● How to complete this task: Everything in the listing below should be written out again exactly, except the pictures.

● Dataset excerpt:

********************

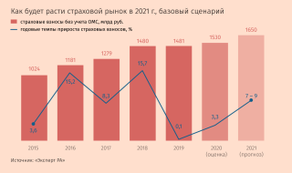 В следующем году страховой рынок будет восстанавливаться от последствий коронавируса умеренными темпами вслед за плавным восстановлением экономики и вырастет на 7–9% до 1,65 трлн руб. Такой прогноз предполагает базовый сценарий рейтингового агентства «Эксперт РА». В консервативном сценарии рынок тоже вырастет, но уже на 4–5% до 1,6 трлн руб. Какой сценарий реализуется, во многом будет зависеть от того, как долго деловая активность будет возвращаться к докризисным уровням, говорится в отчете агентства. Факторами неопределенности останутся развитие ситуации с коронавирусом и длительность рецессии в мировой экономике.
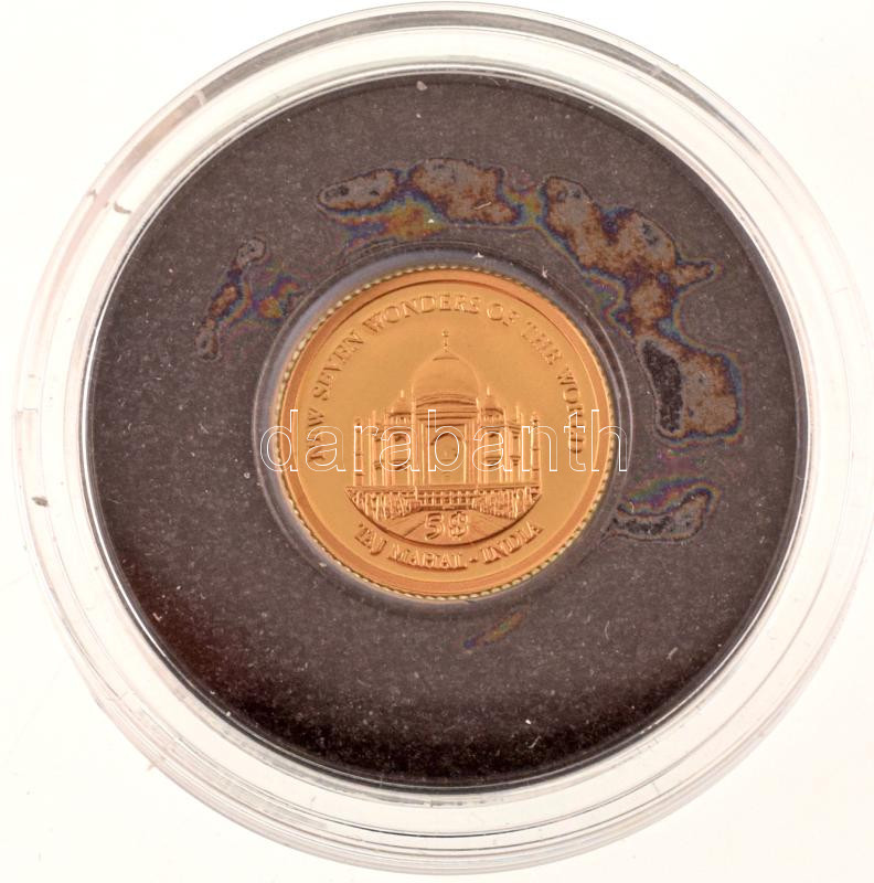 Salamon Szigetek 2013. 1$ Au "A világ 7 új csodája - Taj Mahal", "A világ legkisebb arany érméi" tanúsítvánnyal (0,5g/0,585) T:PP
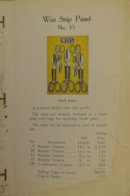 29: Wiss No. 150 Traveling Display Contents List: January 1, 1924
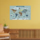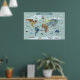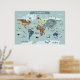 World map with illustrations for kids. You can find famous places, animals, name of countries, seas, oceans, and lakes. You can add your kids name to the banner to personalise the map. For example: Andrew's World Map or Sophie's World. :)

********************

● Written response:
 В следующем году страховой рынок будет восстанавливаться от последствий коронавируса умеренными темпами вслед за плавным восстановлением экономики и вырастет на 7–9% до 1,65 трлн руб. Такой прогноз предполагает базовый сценарий рейтингового агентства «Эксперт РА». В консервативном сценарии рынок тоже вырастет, но уже на 4–5% до 1,6 трлн руб. Какой сценарий реализуется, во многом будет зависеть от того, как долго деловая активность будет возвращаться к докризисным уровням, говорится в отчете агентства. Факторами неопределенности останутся развитие ситуации с коронавирусом и длительность рецессии в мировой экономике.
 Salamon Szigetek 2013. 1$ Au "A világ 7 új csodája - Taj Mahal", "A világ legkisebb arany érméi" tanúsítvánnyal (0,5g/0,585) T:PP
 29: Wiss No. 150 Traveling Display Contents List: January 1, 1924
 World map with illustrations for kids. You can find famous places, animals, name of countries, seas, oceans, and lakes. You can add your kids name to the banner to personalise the map. For example: Andrew's World Map or Sophie's World. :)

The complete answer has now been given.